▶ [Task instructions]:
Nothing outside the range is to be copied. From the entries below, reproduce exactly the lines starting at the one with "Два плечистых бородатых" and ending at the one with "or luxury interior.", without pictures.

### Data for processing

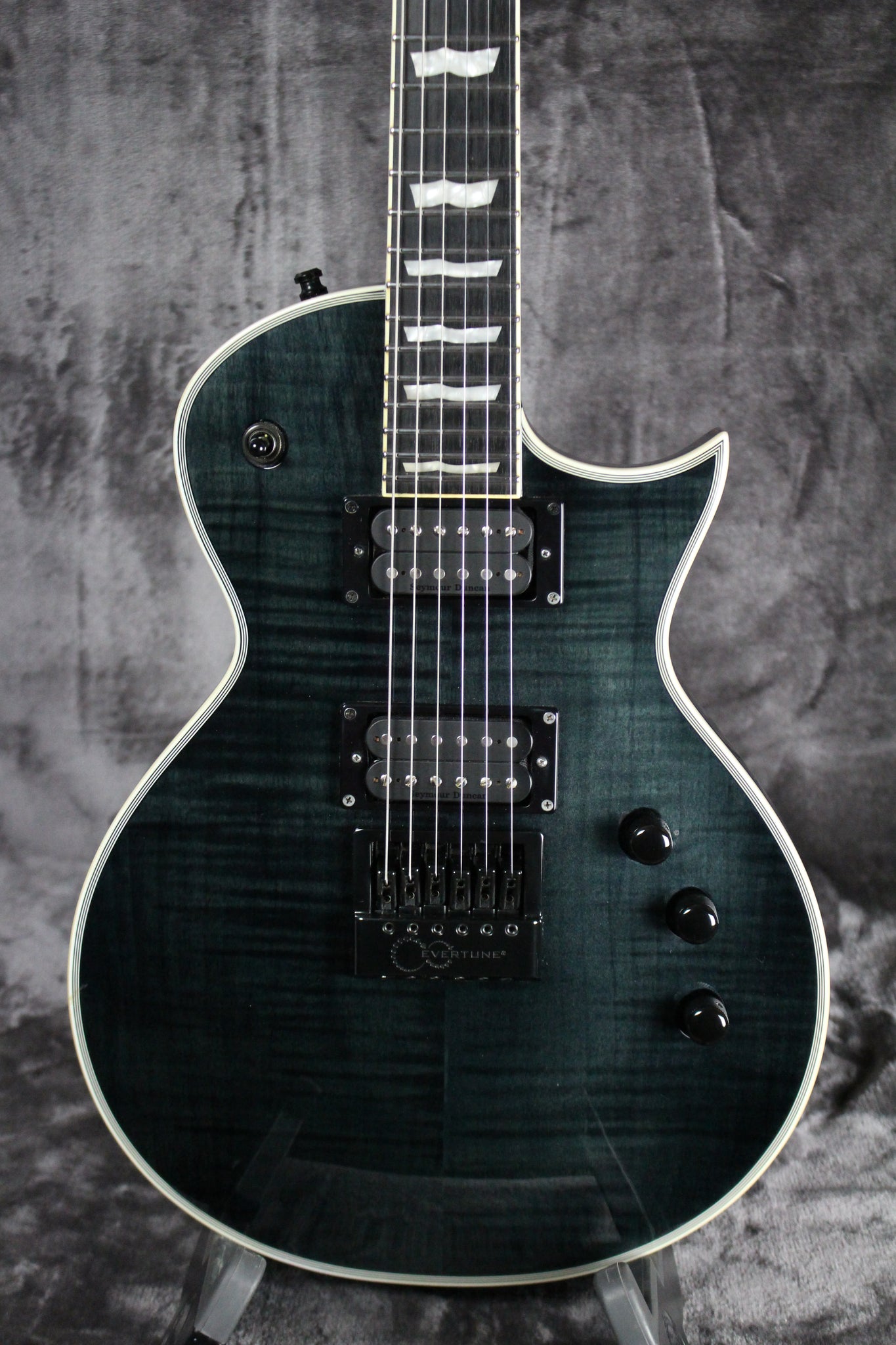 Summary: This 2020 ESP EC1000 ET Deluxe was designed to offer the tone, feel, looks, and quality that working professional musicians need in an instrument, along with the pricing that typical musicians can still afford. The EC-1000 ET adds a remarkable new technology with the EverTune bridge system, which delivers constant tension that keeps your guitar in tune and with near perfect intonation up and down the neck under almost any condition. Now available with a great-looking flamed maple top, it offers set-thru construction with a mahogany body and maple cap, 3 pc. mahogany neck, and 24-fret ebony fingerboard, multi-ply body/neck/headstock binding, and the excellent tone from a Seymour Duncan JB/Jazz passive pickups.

######
### Data for processing

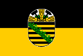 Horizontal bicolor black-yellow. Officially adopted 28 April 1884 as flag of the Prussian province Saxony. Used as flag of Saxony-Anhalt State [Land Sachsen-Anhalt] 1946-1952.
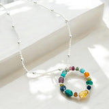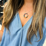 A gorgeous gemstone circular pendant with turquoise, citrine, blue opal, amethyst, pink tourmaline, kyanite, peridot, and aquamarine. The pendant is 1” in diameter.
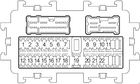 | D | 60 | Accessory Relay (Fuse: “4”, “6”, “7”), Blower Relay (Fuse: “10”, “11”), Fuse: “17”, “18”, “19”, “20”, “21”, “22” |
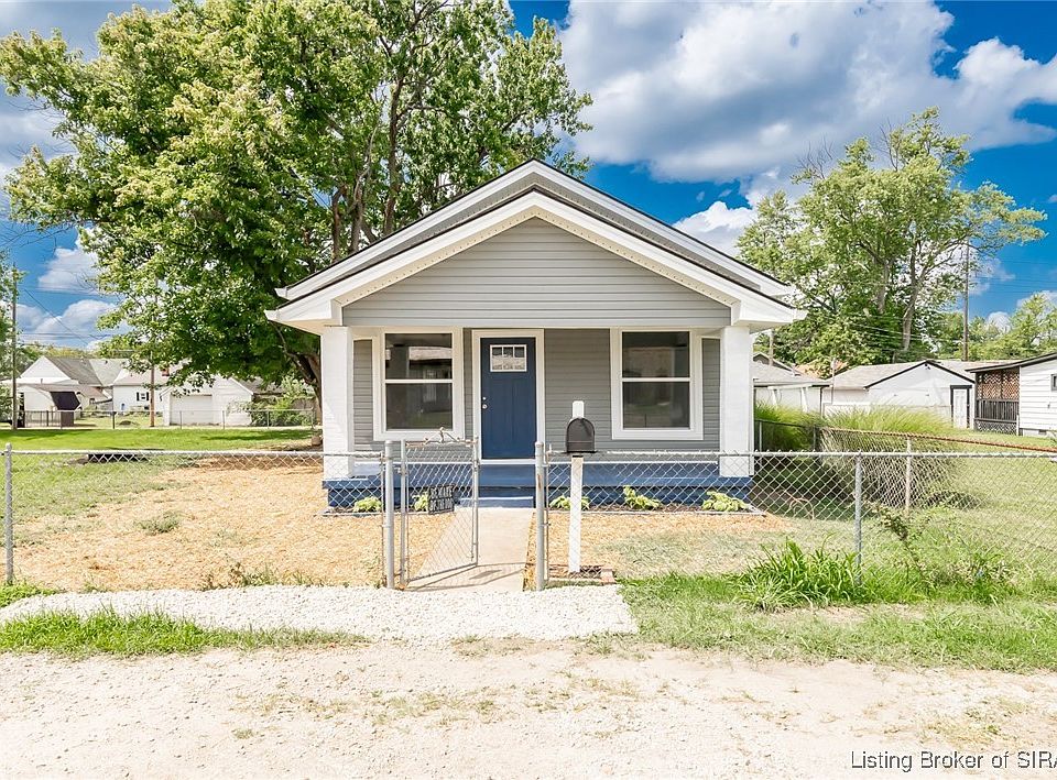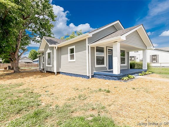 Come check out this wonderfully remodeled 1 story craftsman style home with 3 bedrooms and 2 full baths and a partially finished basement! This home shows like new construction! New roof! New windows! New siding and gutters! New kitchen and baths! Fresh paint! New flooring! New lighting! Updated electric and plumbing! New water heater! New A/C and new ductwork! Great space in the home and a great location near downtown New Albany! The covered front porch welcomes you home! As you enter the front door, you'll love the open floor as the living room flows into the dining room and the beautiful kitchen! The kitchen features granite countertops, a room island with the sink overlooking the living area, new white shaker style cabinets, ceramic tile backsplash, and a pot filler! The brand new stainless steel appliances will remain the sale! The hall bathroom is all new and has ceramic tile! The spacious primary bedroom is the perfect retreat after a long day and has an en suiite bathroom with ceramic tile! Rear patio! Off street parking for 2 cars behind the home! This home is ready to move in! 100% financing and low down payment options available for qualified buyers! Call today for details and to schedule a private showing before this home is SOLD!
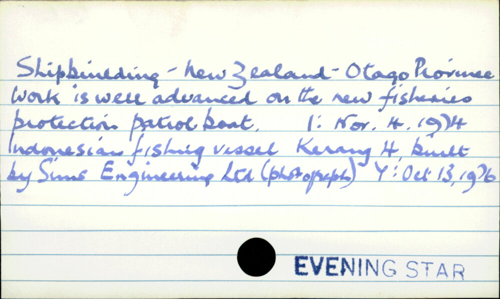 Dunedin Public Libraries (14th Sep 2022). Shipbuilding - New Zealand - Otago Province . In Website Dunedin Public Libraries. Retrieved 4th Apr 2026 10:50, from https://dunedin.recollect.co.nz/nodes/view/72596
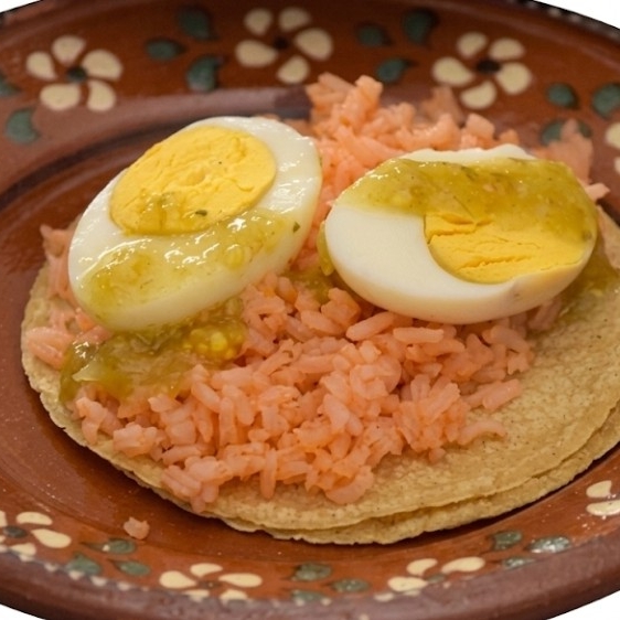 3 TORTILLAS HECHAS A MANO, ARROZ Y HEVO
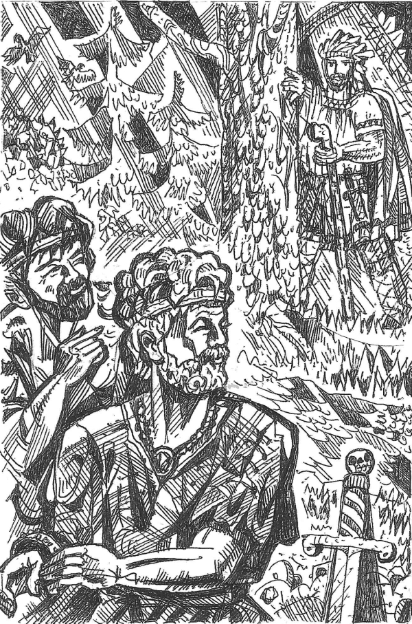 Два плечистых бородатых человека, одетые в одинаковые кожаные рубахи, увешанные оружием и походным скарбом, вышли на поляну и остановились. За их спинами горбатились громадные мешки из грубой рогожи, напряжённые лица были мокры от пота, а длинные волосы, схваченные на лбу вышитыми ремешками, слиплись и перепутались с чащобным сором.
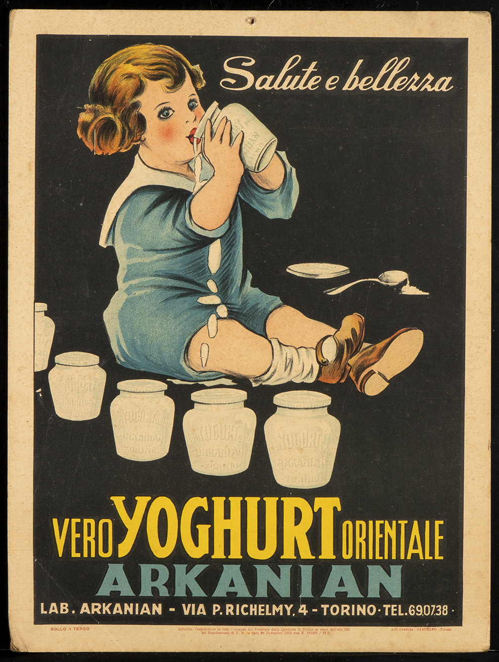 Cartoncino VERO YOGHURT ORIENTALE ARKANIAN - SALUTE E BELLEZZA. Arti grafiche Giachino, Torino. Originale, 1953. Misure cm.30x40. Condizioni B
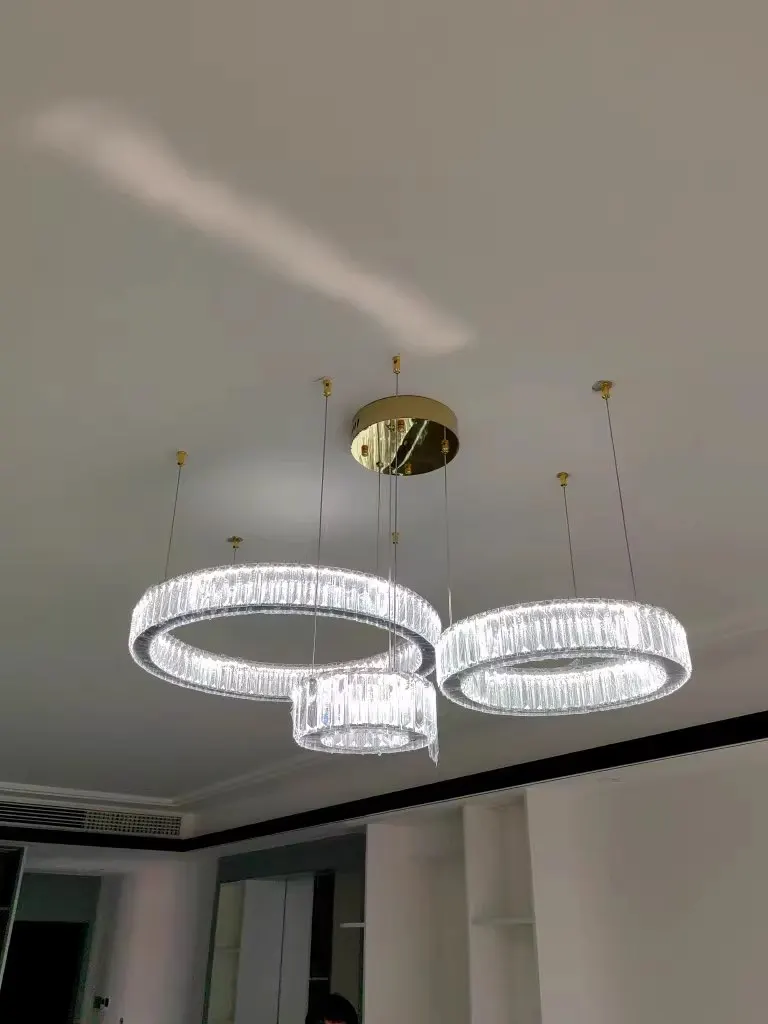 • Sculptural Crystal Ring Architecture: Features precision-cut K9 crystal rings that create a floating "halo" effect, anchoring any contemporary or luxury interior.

######

▶ [Response area]:
 Два плечистых бородатых человека, одетые в одинаковые кожаные рубахи, увешанные оружием и походным скарбом, вышли на поляну и остановились. За их спинами горбатились громадные мешки из грубой рогожи, напряжённые лица были мокры от пота, а длинные волосы, схваченные на лбу вышитыми ремешками, слиплись и перепутались с чащобным сором.
 Cartoncino VERO YOGHURT ORIENTALE ARKANIAN - SALUTE E BELLEZZA. Arti grafiche Giachino, Torino. Originale, 1953. Misure cm.30x40. Condizioni B
 • Sculptural Crystal Ring Architecture: Features precision-cut K9 crystal rings that create a floating "halo" effect, anchoring any contemporary or luxury interior.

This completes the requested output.